Since line numbers are not working and correct matches cause a crash (and I need to validate a big corpus of texts) I was trying to disable the match by providing bogus positions.

matches = append(matches, {begin: 0, end: 0})

I also tried

The result is the same. I observer a crash like the following every time Chinese characters are present.

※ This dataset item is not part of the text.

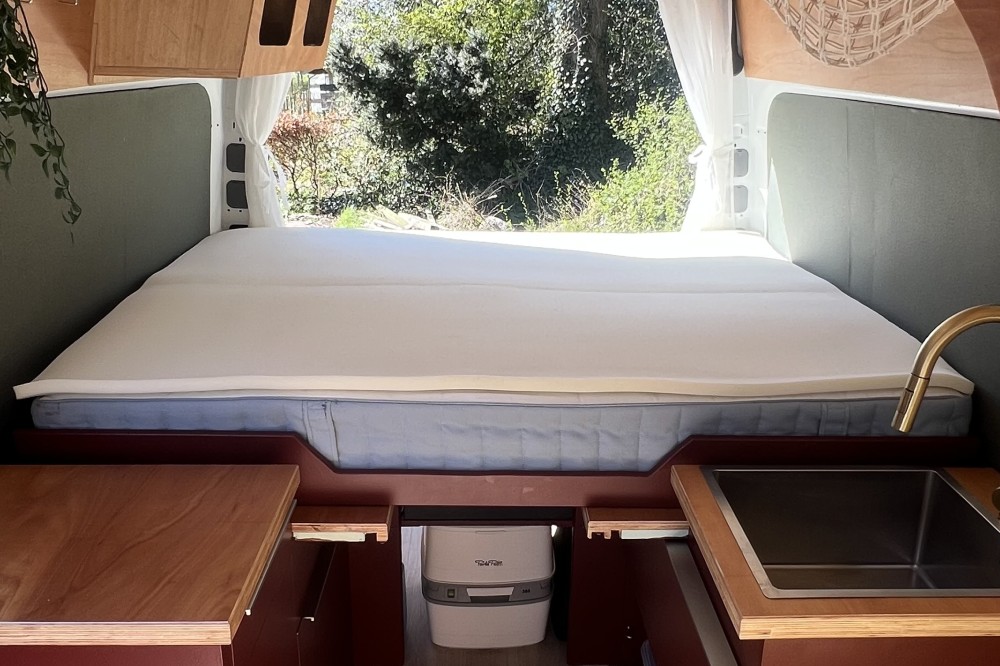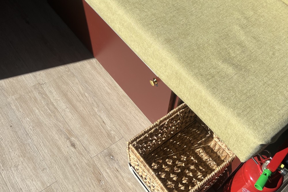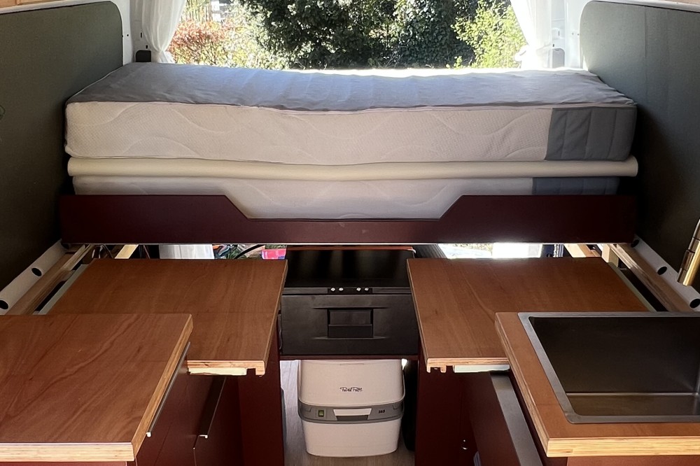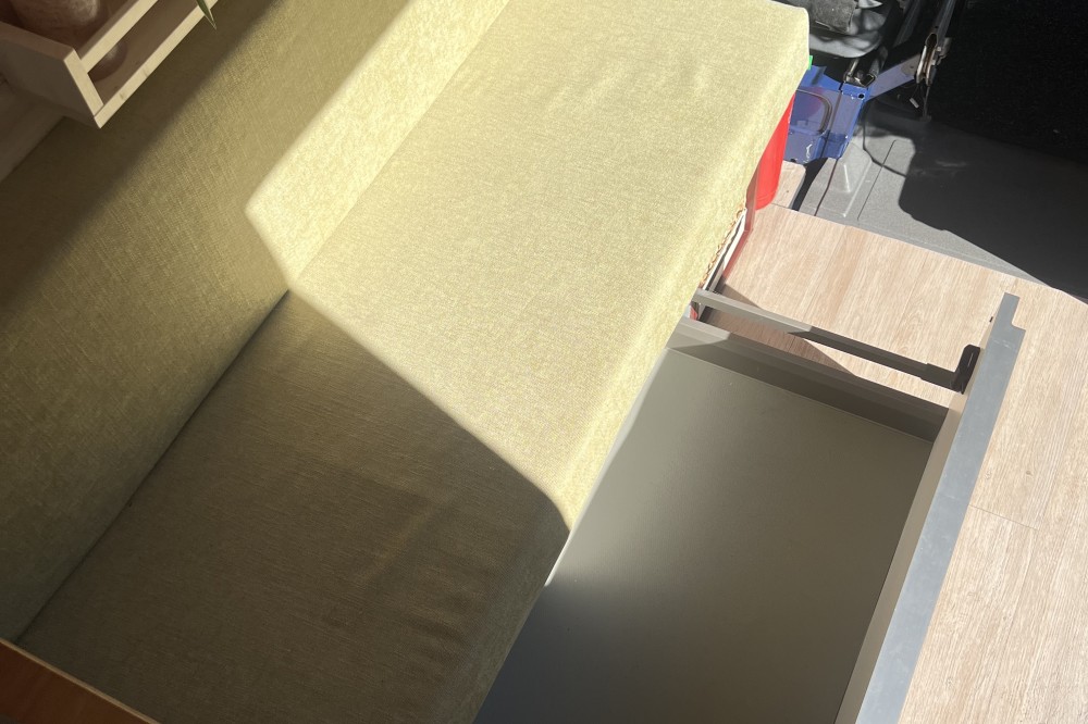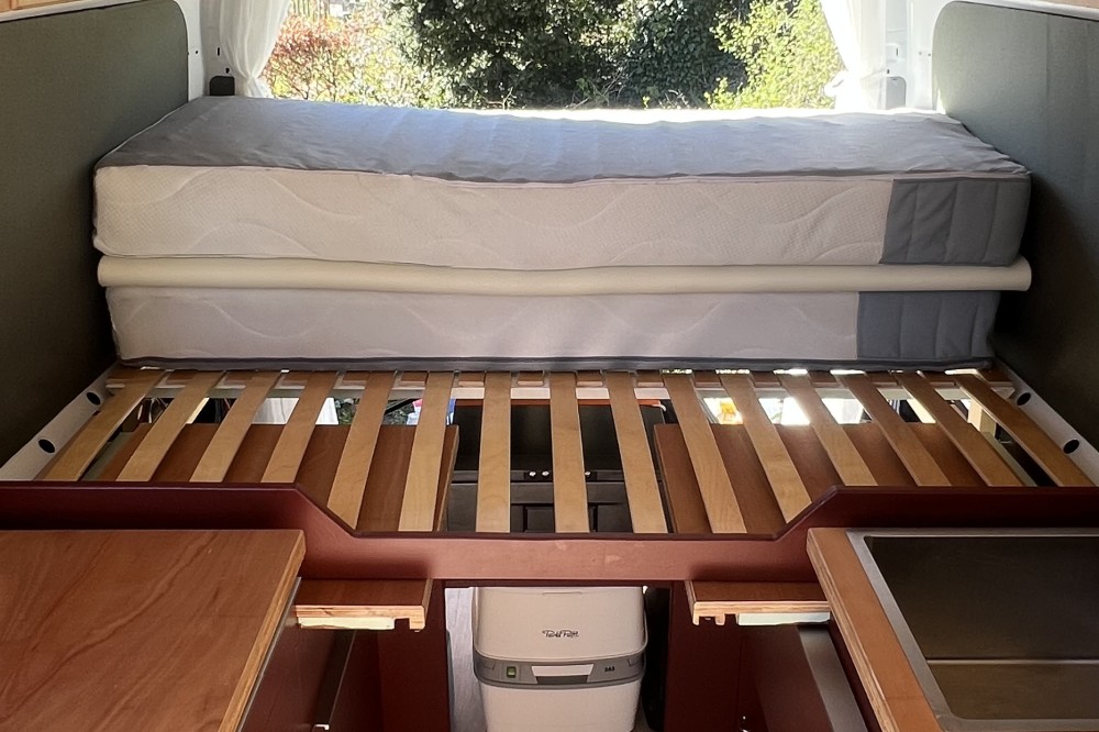 - Uitschuifbaar bed (140 x 185 cm) met traagschuimtopper

panic: runtime error: slice bounds out of range [:4709] with capacity 4096

goroutine 7 [running]:
github.com/errata-ai/vale/v2/internal/check.re2Loc(...)
        github.com/errata-ai/vale/v2/internal/check/definition.go:129
github.com/errata-ai/vale/v2/internal/check.makeAlert({{{0x0, 0x0}, {0x0, 0x0, 0x0}}, {0x0, 0x0}, {0x14002f6d7b8, 0x6}, {0x1010e8966, ...}, ...}, ...)
        github.com/errata-ai/vale/v2/internal/check/definition.go:133 +0x19c
github.com/errata-ai/vale/v2/internal/check.Script.Run({{{{0x0, 0x0}, {0x0, 0x0, 0x0}}, {0x0, 0x0}, {0x14002f6d7b8, 0x6}, {0x1010e8966, ...}, ...}, ...}, ...)
        github.com/errata-ai/vale/v2/internal/check/script.go:61 +0x538
github.com/errata-ai/vale/v2/internal/lint.(*Linter).lintBlock(0x14003be5768, 0x14003fd0000, {{0x14005a10000, 0x1bef}, 0xffffffffffffffff, {0x140057ea6e8, 0x7}, {0x14005a10000, 0x1bef}}, 0x100e13bb8?, ...)
        github.com/errata-ai/vale/v2/internal/lint/lint.go:229 +0x174
github.com/errata-ai/vale/v2/internal/lint.Linter.lintSizedScopes({{0x0, 0x0, 0x0}, {0x0, 0x0, 0x0}, 0x14002da9240, 0x14003016d50, 0x101912880, 0x1, ...}, ...)
        github.com/errata-ai/vale/v2/internal/lint/ast.go:193 +0x30c
github.com/errata-ai/vale/v2/internal/lint.Linter.lintHTMLTokens({{0x0, 0x0, 0x0}, {0x0, 0x0, 0x0}, 0x14002da9240, 0x14003016d50, 0x101912880, 0x1, ...}, ...)
        github.com/errata-ai/vale/v2/internal/lint/ast.go:147 +0x7e0
github.com/errata-ai/vale/v2/internal/lint.Linter.lintMarkdown({{0x0, 0x0, 0x0}, {0x0, 0x0, 0x0}, 0x14002da9240, 0x14003016d50, 0x101912880, 0x1, ...}, ...)
        github.com/errata-ai/vale/v2/internal/lint/md.go:60 +0x1c0
github.com/errata-ai/vale/v2/internal/lint.(*Linter).lintFile(0x1400018e140, {0x14002a82360?, 0x0?})
        github.com/errata-ai/vale/v2/internal/lint/lint.go:169 +0x26c
github.com/errata-ai/vale/v2/internal/lint.(*Linter).lintFiles.func1.1.1({0x14002a82360?, 0x0?})
        github.com/errata-ai/vale/v2/internal/lint/lint.go:114 +0x4c
created by github.com/errata-ai/vale/v2/internal/lint.(*Linter).lintFiles.func1.1
        github.com/errata-ai/vale/v2/internal/lint/lint.go:112 +0x1e8
jdkato commented 1 year ago

By looking at a code (in core/location.go, check/script.go) I don't see a place where loc reported from a script is adjusted to account for modifications to the text done inside the script. Which means if script modifies the text (by removing sections or codeblocks or anything else) the script itself is responsible for maintaining the correlation of line numbers in original text with modified text. Am I correct here?

No, the script just has to report locations accurate to itself. In other words, script_text[start:end] needs to match what you intend the alert to be about.

Vale handles the location adjustments internally.